‘Secretbook’ Lets You Encode Hidden Messages in Your Facebook Pics
Peter Fairbrother
zenadsl6186 at zen.co.uk
Fri Apr 12 03:22:09 BST 2013
On 12/04/13 00:01, Ben Liddicott wrote:
> That isn't possible, up to a limit. Proof is that any such
> transformation can carry only a limited number of bits of data.
> Therefore any steganographic message can be destroyed by a
> transformation using the same stego technique to embed a different
> message of sufficient length.
That proof doesn't work - the choice of which message/image to send can
be significant.
There is, in real life, no such thing as the entropy of a message - it
depends on context, and like physical entropy, only the entropy of the
entire system has meaning.
Consider one bit - it may be an error, it may be "one sugar please", it
may be the press of the button which launches a nuclear attack.
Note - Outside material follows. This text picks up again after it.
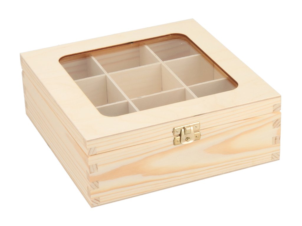Prekrasna drvena kutija sa sigurnim zatvaranjem u koju možete pohraniti sve svoje omiljene čajeve. U ovom obliku ih također možete vrlo elegantno i stilski ponuditi svojim posjetiteljima. Unutrašnjost je podijeljena na 9 odjeljaka koji odvajaju različite vrste čaja. Zahvaljujući prozirnom staklenom poklopcu uvijek ćete imati pregled nad sadržajem.

It
depends on what the bit is connected to.
As we don't know the whole system - parts of it, eg a codebook to
translate message choice to hidden message, are hidden from us - we
can't talk about the entropy of the image in a meaningful way.
> The limit is that the technique cannot destroy parts of the image that
> humans care about, which is by definition limited to things which are
> noticeable - at which point it is arguably no longer steganography.